• _DATASET CONTENT_:
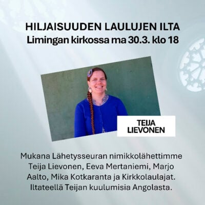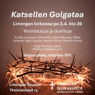 Hiljaisen viikon musiikki-ilta ”Ristin alla laulamalla” ke 1.4. klo 18 Tyrnävän kirkko. Yhteisvirsiä, kuoromusiikkia ja iltahartaus. Mukana Matias Muhola, Salla Kujala, lauluyhtye Leivo. Tilaisuutta ei striimata. Vapaa pääsy, lämpimästi tervetuloa!
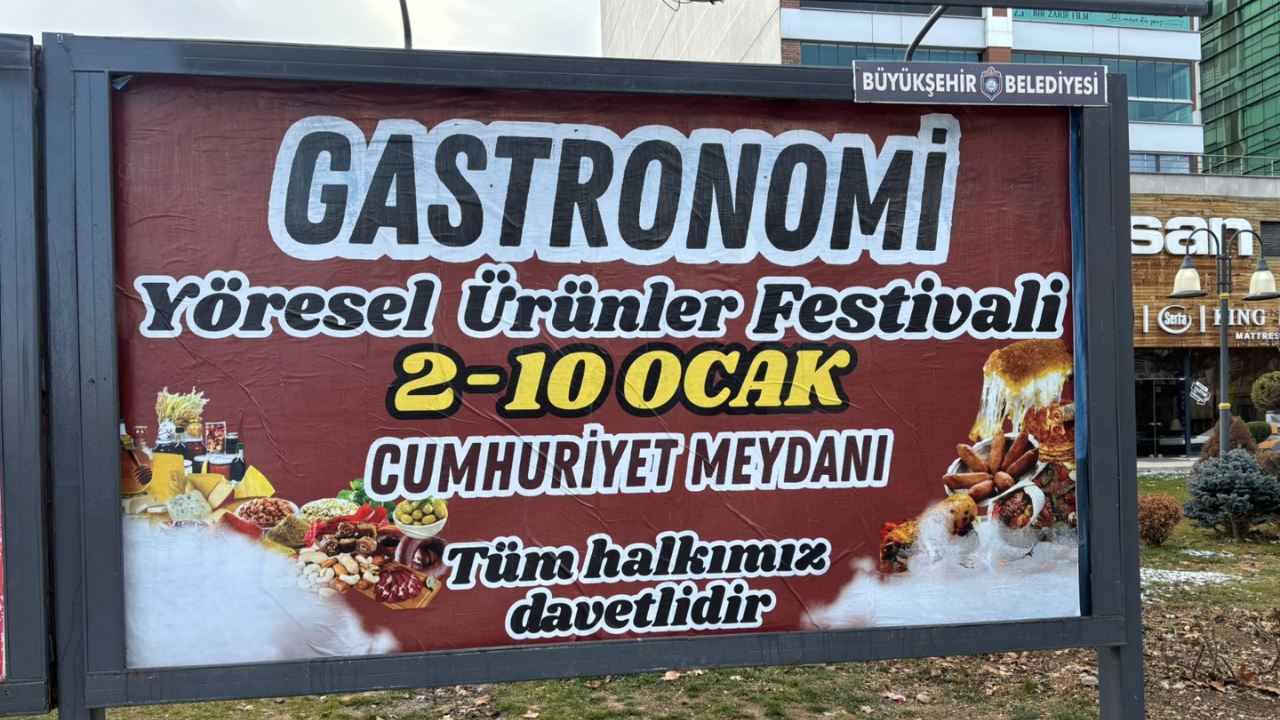 Eskişehir’de yeni yılın ilk günlerinde pek çok bölgede ‘gastronomi yöresel ürün festivali’ ilanları görüldü. Kimi ağaca kimi direğe bağlanmış… Açık hava reklamlarında da bolca tanıtımı yapıldı. Söz konusu ‘festivalin’ 2-10 Ocak 2026 tarihleri arasında Cumhuriyet Meydanı’nda yapılacağı duyuruldu.
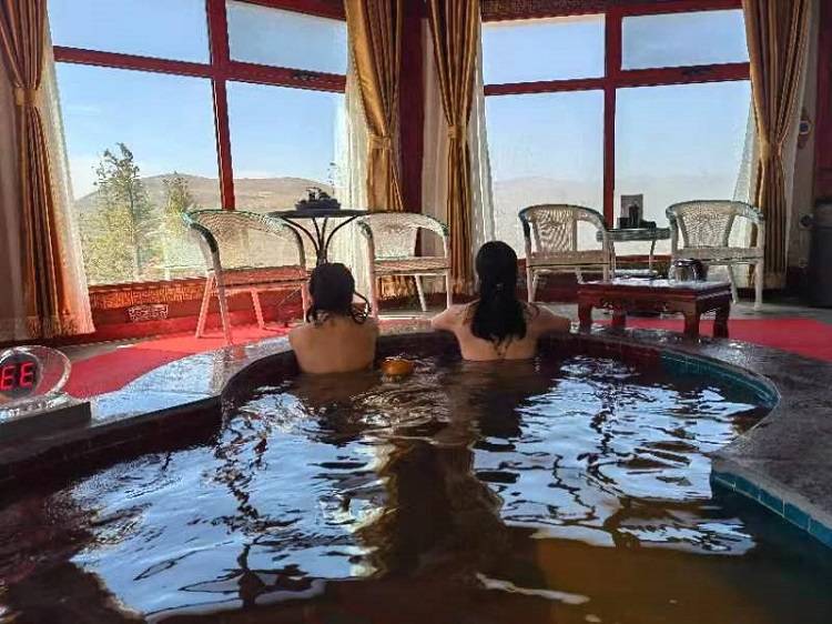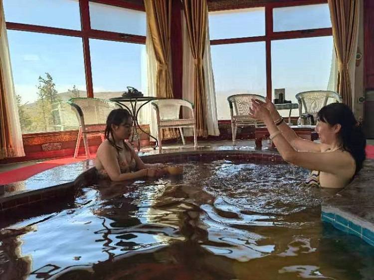 4月15日,记者在现场看到,蒙元风情的装修风格让人耳目一新,一包一温泉,既温馨又雅致,还保证了私密性,热气蒸腾中,不少游客或泡泉或在躺椅沐浴阳光。
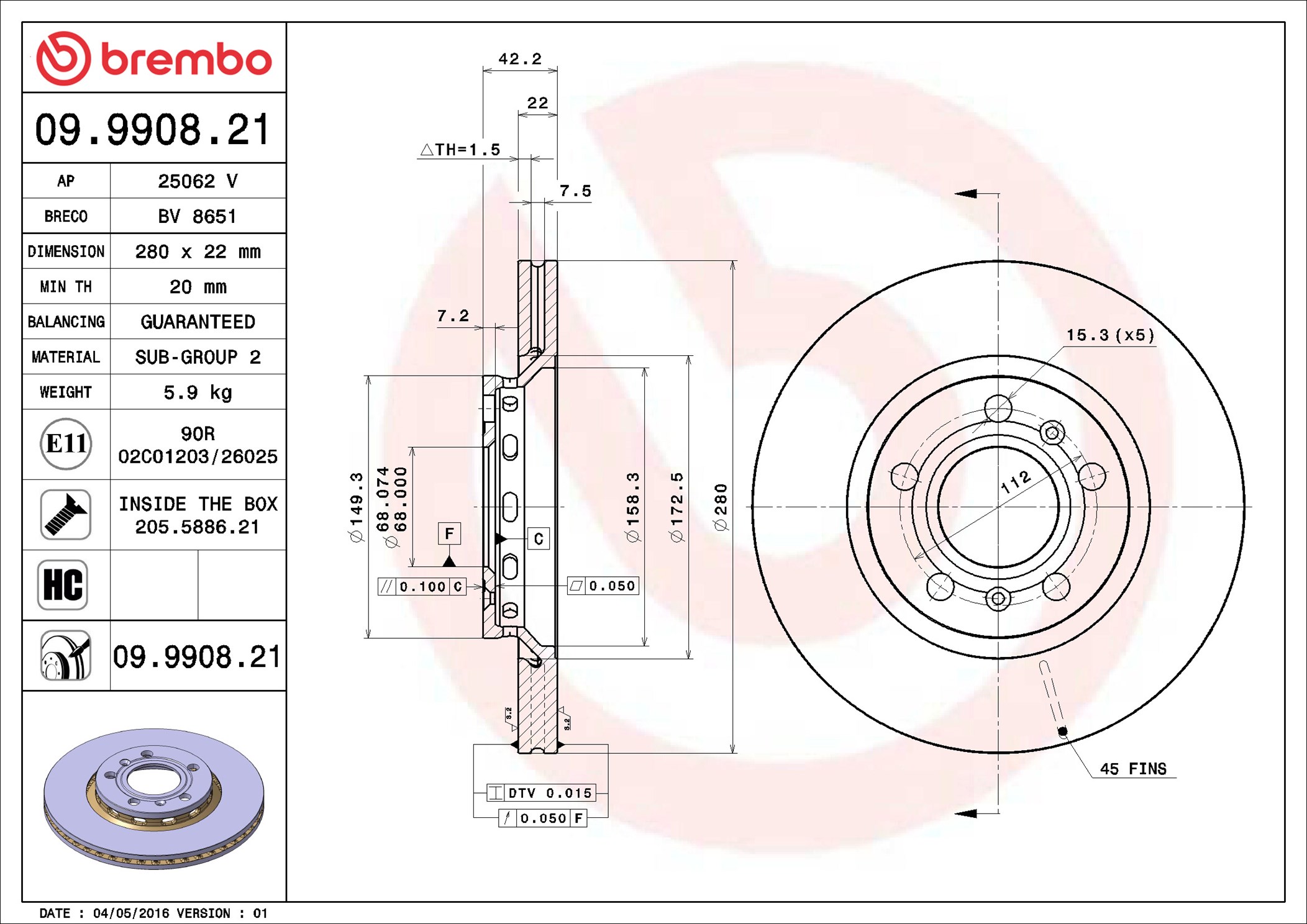 BREMBO 09.9908.21 - Brzdový kotúč

• _TASK OBJECTIVE_:
Where pictures occur in the material above, omit them and return everything else exactly.

• _REPLY TO THE EXERCISE_:
 Hiljaisen viikon musiikki-ilta ”Ristin alla laulamalla” ke 1.4. klo 18 Tyrnävän kirkko. Yhteisvirsiä, kuoromusiikkia ja iltahartaus. Mukana Matias Muhola, Salla Kujala, lauluyhtye Leivo. Tilaisuutta ei striimata. Vapaa pääsy, lämpimästi tervetuloa!
 Eskişehir’de yeni yılın ilk günlerinde pek çok bölgede ‘gastronomi yöresel ürün festivali’ ilanları görüldü. Kimi ağaca kimi direğe bağlanmış… Açık hava reklamlarında da bolca tanıtımı yapıldı. Söz konusu ‘festivalin’ 2-10 Ocak 2026 tarihleri arasında Cumhuriyet Meydanı’nda yapılacağı duyuruldu.
 4月15日,记者在现场看到,蒙元风情的装修风格让人耳目一新,一包一温泉,既温馨又雅致,还保证了私密性,热气蒸腾中,不少游客或泡泉或在躺椅沐浴阳光。
 BREMBO 09.9908.21 - Brzdový kotúč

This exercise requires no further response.